Electronics

Meriva Indicator Relay

So the kid complains that the indicator lights on the one side of the Opel / Vauxhall Meriva stays on all the time. This is a well known problem, there’s a dual relay and the contacts burn and stick.

So I open the box up and give her a stick and show her where to beat the relay into submission lightly tap the relay with a stick to make the stuck contact release. Problem being that once that’s done, if you then lock the car the indicators flash and guess what? Yup, bloody thing sticks again.

Google tells me you can get a new one for under 15 Sterling, which at the current exchange rate is around three hundred rands if you hurry (the rand seems to be heading south a bit faster than normal right now). But there’s shipping on top of that and it takes a while so let’s see…

<ring> <ring> “Opel spare parts, how may I help you?”

Me: “Yea hi I need an indicator relay for a Meriva,  part number 09 134 880”

Them: “Yes sir, we have those in stock, one thousand seven hundred and twenty rands”

Me: “You Have Got To Be Shi, I mean, Surely that cannot be the case my good man?”

Them: “Oh yes sorry, my mistake, make that one thousand seven hundred and ten rands”

Me: “Kthanksbyeclick”

Not being a millennial, I do have some tools and spare parts. For VERY large values of “some”. This for example is my box of spare relays.
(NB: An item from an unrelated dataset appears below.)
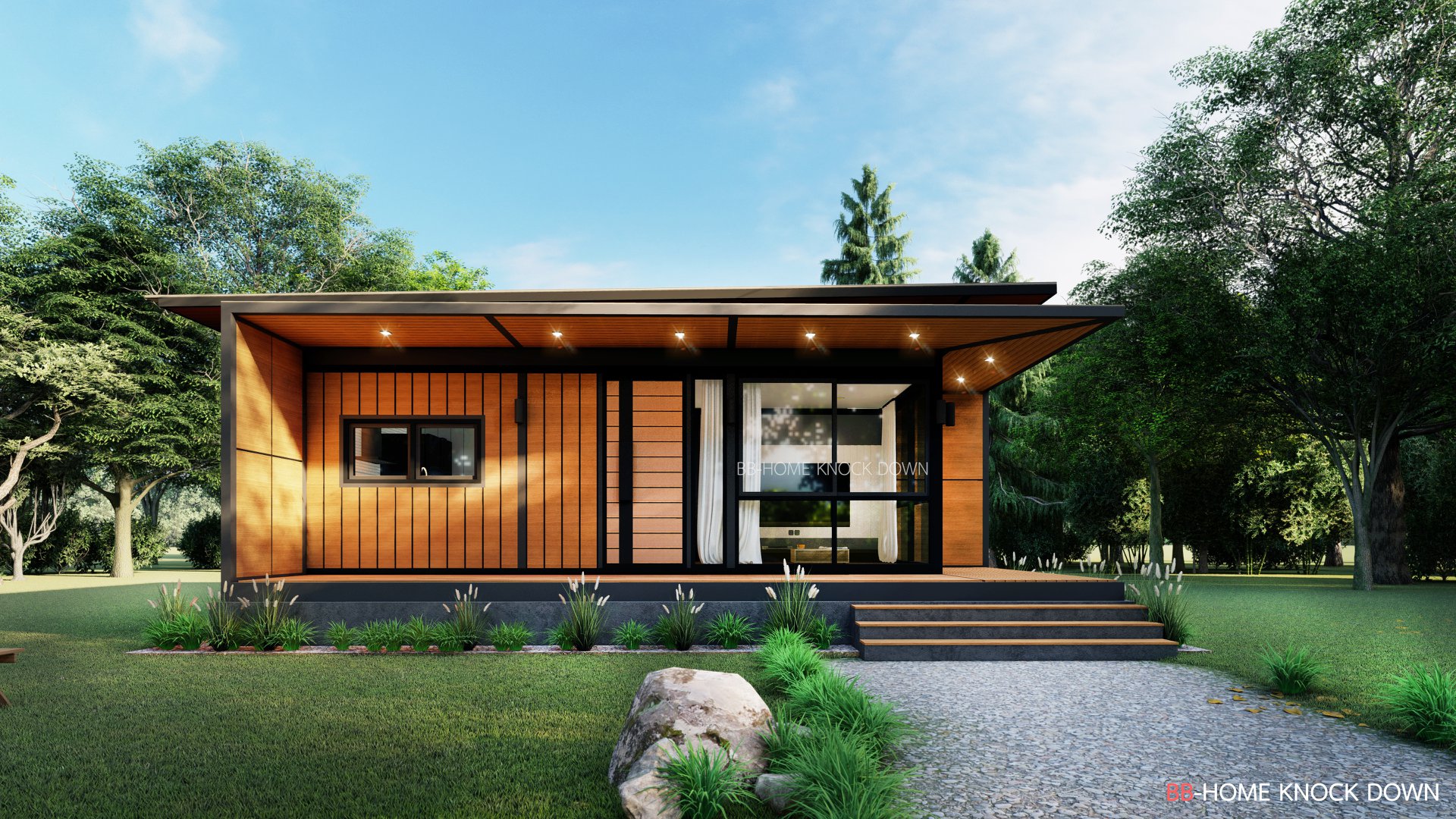 โดยบ้านน็อคดาวน์หลังนี้เป็นบ้านที่มีดีไซน์ในแบบโมเดิร์น ตัวบ้านลักษณะแบบทรงกล่องสี่เหลี่ยมเรขาคณิต จึงให้รูปลักษณ์ของบ้านที่ดูทันสมัย เหมาะกับไลฟ์สไตล์ของคนยุคใหม่ งานโครงสร้างของบ้านเป็นโครงสร้างเหล็ก ฐานของบ้านถูกยกขึ้นสูง จึงมั่นใจได้ว่าบ้านแข็งแรงแน่นอน

These ones look like just the thing.

Yup, it works. Cover doesn’t fit back on again, but it will with some surgery if required. I am not too concerned.

The kid’s father is coming down from the UK in two weeks’ time and he’ll bring down the Real Thing but in the mean time this will do. Very Nicely. R1710. Fsck.

 

Clock Radio Hacking

Nice little clock radio with a docking station for charging a cellphone. I bought it through One Day Only or something.

One big problem, though. The display is so flippin’ bright that it keeps you awake at night. Draws moths, even. Not ideal.

The large PCB at the top holds the buttons. All the work is done by what one would have thought is the display board.

Clock, radio, everything. One would have thought they could have put an LDR in there to make the thing dim automatically when it gets dark. Philips is not what they used to be.

The 330 ohm resistor is not like the other resistors. Specifically, it’s a higher-wattage 0805 package and not 0603 like all the other resistors on the board*. Figuring that there must be a reason for this, this is where I started.

Replaced it with a 1k and sure ’nuff, the display is now bright enough to still read indoors in daytime, but dim enough to not outshine the street lights when we have them

* OK there are other 0805 resistors on the board. They bridge two or three traces, so I figured that’s why they chose bigger resistors in these positions. Also, 330 ohm is sort of the right value for an LED current limiter. Yea, it’s all gut feel. Sometimes it works.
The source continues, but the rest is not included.